Smooth Camera Motion for Molecular Focus: Using Dolly Camera in SAMSON

When presenting molecular systems to colleagues or preparing educational videos, smoothly guiding the viewer’s attention from one region to another can make a big difference. Simply rotating or zooming the camera manually often results in inconsistent motion that distracts rather than informs. This is a common pain point for anyone visualizing molecular structures in 3D.

The Dolly camera animation in SAMSON addresses this issue by providing precise control over both the camera position and its target point across a sequence of frames. The result is a clean dolly effect that helps emphasize regions of interest in a system—ideal for storytelling in scientific visualization.

What is Dolly Camera Motion?

Unlike basic zooms, which move the camera and keep the target static, a dolly animation moves both the camera and its focus point. This allows you to zoom in or out while also changing the area of the system you’re focusing on. It’s especially useful when using rendering effects such as Fog or Depth-of-field that are sensitive to the camera’s target point.

When to Use It

Use Dolly camera animations when:

  • You want to highlight a specific part of a protein or complex system
  • The visual emphasis shifts from one active site to another
  • You’re creating polished molecular animations for presentations or publications
  • You need to combine zooming with target transitions for enhanced clarity

Setting Up a Dolly Camera Animation

  1. In the Animator’s Track view, choose the start frame.
  2. Use standard controls to orient the camera and view as desired.
  3. In the Animation panel, double-click Dolly camera.
  4. Define the end frame and adjust the new camera position and target point.
  5. The dolly effect will be applied between the start and end frames.

Adjusting for Precision

For fine-tuning the camera’s behavior:

  • Inspect the animation to toggle the Apply to active camera option.
  • Enable or disable Keep camera upwards to adjust how the grid affects movement.
  • Modify the Easing curve to control interpolation style (e.g., linear, ease-in-out).

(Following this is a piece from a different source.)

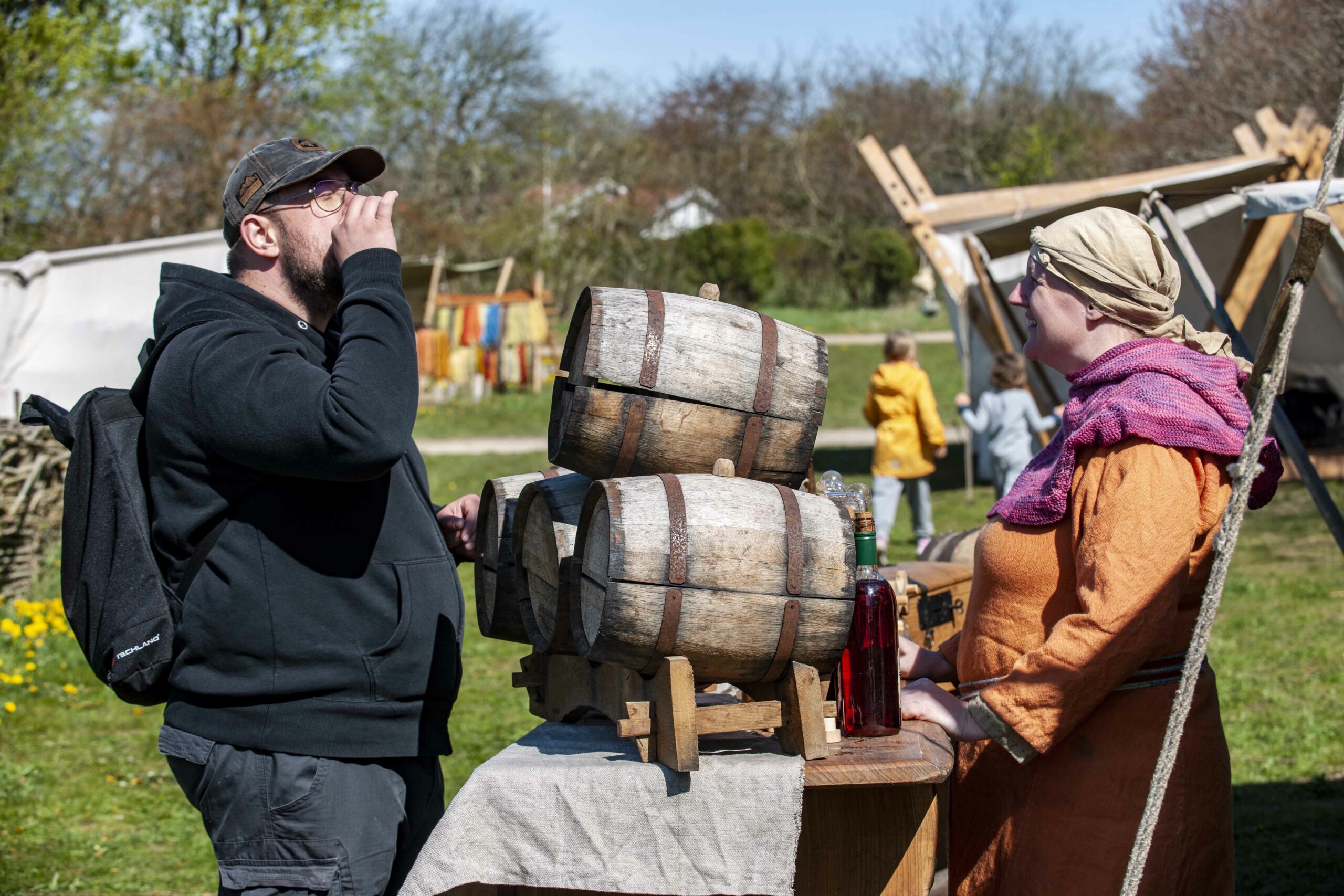 På vikingemarkedet kan man opleve en unik markedsstemning. Dufte af røg, mad og heste, og vinden, der bærer lyden af fremmede tungemål og brølende vikinger hen over pladsen.

These options help adapt the dolly motion to different systems—whether your scene needs a rigid scientific style or a more organic cinematic story flow.

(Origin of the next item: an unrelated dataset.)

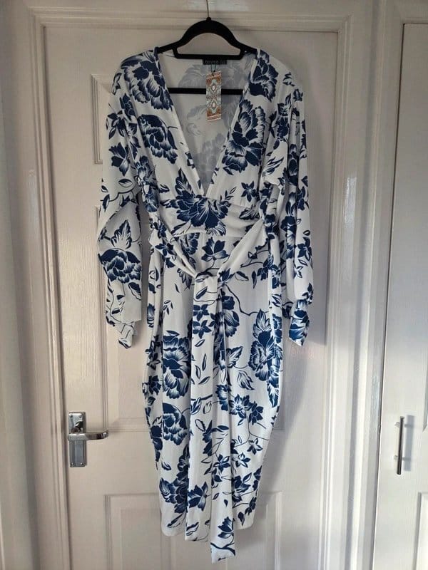 The Boohoo Blue and White Floral Midi Dress is available in sizes L.

Controlling the Camera’s Path

The start and end camera positions can be adjusted interactively through the animation controllers. This makes it easy to experiment with alternate visual paths and polish the flow without restarting your setup. You can refer to the Adjusting camera positions section in the documentation for more details.

Example: the Dolly camera animation

In practice, the Dolly camera animation is a simple but powerful tool in SAMSON’s visualization toolkit. It gives molecular modelers more expressive control when showing dynamic processes or spatial relationships between key structural elements.